BEGIN
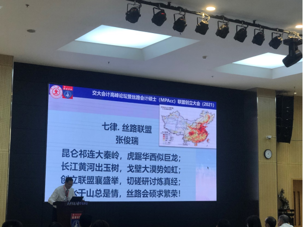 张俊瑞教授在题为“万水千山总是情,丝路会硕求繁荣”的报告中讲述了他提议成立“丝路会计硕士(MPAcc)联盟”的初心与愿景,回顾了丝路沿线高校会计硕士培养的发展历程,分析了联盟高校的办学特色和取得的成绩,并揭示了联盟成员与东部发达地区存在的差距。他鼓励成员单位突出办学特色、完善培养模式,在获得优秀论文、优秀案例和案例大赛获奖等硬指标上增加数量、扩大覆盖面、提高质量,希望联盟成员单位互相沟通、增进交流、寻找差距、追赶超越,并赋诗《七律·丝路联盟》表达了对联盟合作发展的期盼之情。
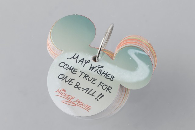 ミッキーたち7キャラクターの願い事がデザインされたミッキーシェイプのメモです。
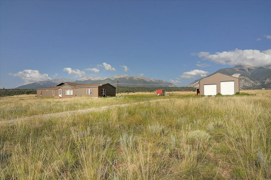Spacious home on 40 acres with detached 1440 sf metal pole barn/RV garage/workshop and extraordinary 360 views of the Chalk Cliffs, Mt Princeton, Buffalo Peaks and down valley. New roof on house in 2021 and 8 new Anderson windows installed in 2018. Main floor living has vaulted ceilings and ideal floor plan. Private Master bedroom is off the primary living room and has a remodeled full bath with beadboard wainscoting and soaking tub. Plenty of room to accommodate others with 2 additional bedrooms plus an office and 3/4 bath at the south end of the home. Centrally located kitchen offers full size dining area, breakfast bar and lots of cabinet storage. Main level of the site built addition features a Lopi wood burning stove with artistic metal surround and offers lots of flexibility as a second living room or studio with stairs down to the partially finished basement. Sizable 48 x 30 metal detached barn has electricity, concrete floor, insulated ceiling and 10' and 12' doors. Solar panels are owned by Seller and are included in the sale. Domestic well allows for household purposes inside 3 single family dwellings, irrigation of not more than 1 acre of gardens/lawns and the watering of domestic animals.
END
> **Your task**
Give back the full listing exactly as written, only without its pictures.

> **Exercise result**
 张俊瑞教授在题为“万水千山总是情,丝路会硕求繁荣”的报告中讲述了他提议成立“丝路会计硕士(MPAcc)联盟”的初心与愿景,回顾了丝路沿线高校会计硕士培养的发展历程,分析了联盟高校的办学特色和取得的成绩,并揭示了联盟成员与东部发达地区存在的差距。他鼓励成员单位突出办学特色、完善培养模式,在获得优秀论文、优秀案例和案例大赛获奖等硬指标上增加数量、扩大覆盖面、提高质量,希望联盟成员单位互相沟通、增进交流、寻找差距、追赶超越,并赋诗《七律·丝路联盟》表达了对联盟合作发展的期盼之情。
 ミッキーたち7キャラクターの願い事がデザインされたミッキーシェイプのメモです。
Spacious home on 40 acres with detached 1440 sf metal pole barn/RV garage/workshop and extraordinary 360 views of the Chalk Cliffs, Mt Princeton, Buffalo Peaks and down valley. New roof on house in 2021 and 8 new Anderson windows installed in 2018. Main floor living has vaulted ceilings and ideal floor plan. Private Master bedroom is off the primary living room and has a remodeled full bath with beadboard wainscoting and soaking tub. Plenty of room to accommodate others with 2 additional bedrooms plus an office and 3/4 bath at the south end of the home. Centrally located kitchen offers full size dining area, breakfast bar and lots of cabinet storage. Main level of the site built addition features a Lopi wood burning stove with artistic metal surround and offers lots of flexibility as a second living room or studio with stairs down to the partially finished basement. Sizable 48 x 30 metal detached barn has electricity, concrete floor, insulated ceiling and 10' and 12' doors. Solar panels are owned by Seller and are included in the sale. Domestic well allows for household purposes inside 3 single family dwellings, irrigation of not more than 1 acre of gardens/lawns and the watering of domestic animals.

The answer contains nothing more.